▸ Information shown
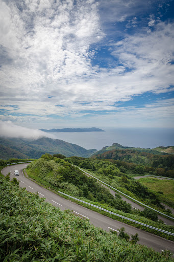 The Tatsutomari (West) climb is the most northern key climb of Honshuu (main island) in Japan that is located on the Tsurugaru Peninsula by Cape Tappi. The area can be very windy (hence the windfarm on the eastern side of the climb). Although there are restrooms at the summit, there are no locations to buy water on the climb. The last location to buy drinks before the west climb is the Roadside Station Kodomari about 6km south of the climb. After the roadside station, the scenery and landscape in the area is rugged/stunning and there are no buildings/dwellings until you reach the summit. The climb itself has great road surfaces, unbelievable views and challenging gradients and is highly recommended. The summit can be seen from about 2.5km into the climb.The east climb is also a nice climb (10.6km/4.2%) with steep gradients at the start of the climb while it passes a wind farm.
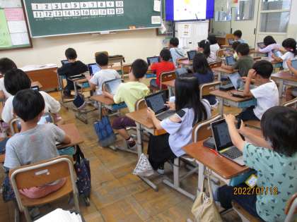 12日(火)の外国語活動では、実際に「いくつかなクイズ」を作りました。GIGA端末を使って果物や犬、猫の数を増やしたり、移動させたり、大きさを変えたりと自分なりの「いくつかなクイズ」を作りました。次の学習では、クラスみんなが作った「いくつかなクイズ」を使いながら、英語でクイズ大会をしようと思います。
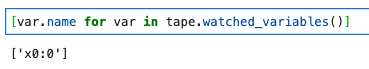 ๋ํ Tensorflow์ ํ ์ดํ์ ๊ธฐ๋ก๋๋ 'ํ์ต ๊ฐ๋ฅํ ๋ณ์'๋ GradientTape.watched_variables() ๋ฉ์๋๋ก ํ์ธ์ด ๊ฐ๋ฅํฉ๋๋ค.
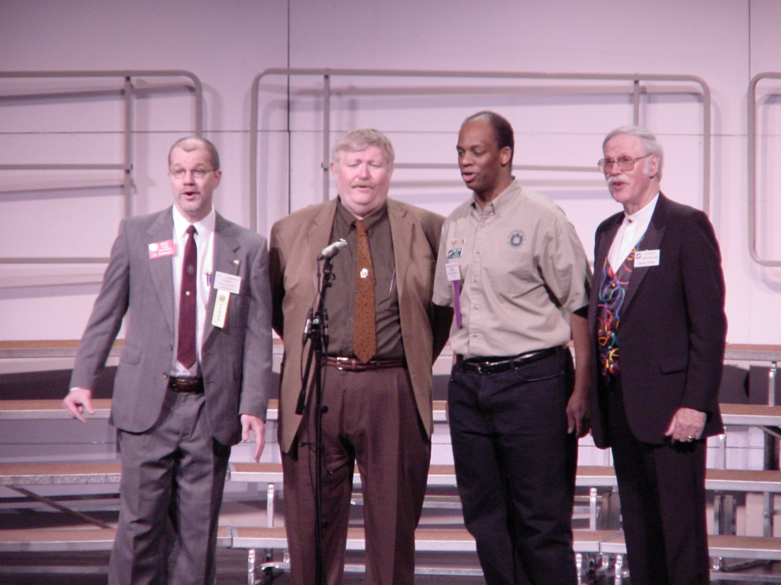 A couple of judges (Dan Signor and Reid Stewart), our district president Kendall Williams, and our MC, Brian Ayers, warming up

▸ Activity
Reproduce the lines above, exactly and exclusively, from the line containing "12日(火)の外国語活動では" down to the last line, both included; pictures are not part of the copy.

▸ Written solution
 12日(火)の外国語活動では、実際に「いくつかなクイズ」を作りました。GIGA端末を使って果物や犬、猫の数を増やしたり、移動させたり、大きさを変えたりと自分なりの「いくつかなクイズ」を作りました。次の学習では、クラスみんなが作った「いくつかなクイズ」を使いながら、英語でクイズ大会をしようと思います。
 ๋ํ Tensorflow์ ํ ์ดํ์ ๊ธฐ๋ก๋๋ 'ํ์ต ๊ฐ๋ฅํ ๋ณ์'๋ GradientTape.watched_variables() ๋ฉ์๋๋ก ํ์ธ์ด ๊ฐ๋ฅํฉ๋๋ค.
 A couple of judges (Dan Signor and Reid Stewart), our district president Kendall Williams, and our MC, Brian Ayers, warming up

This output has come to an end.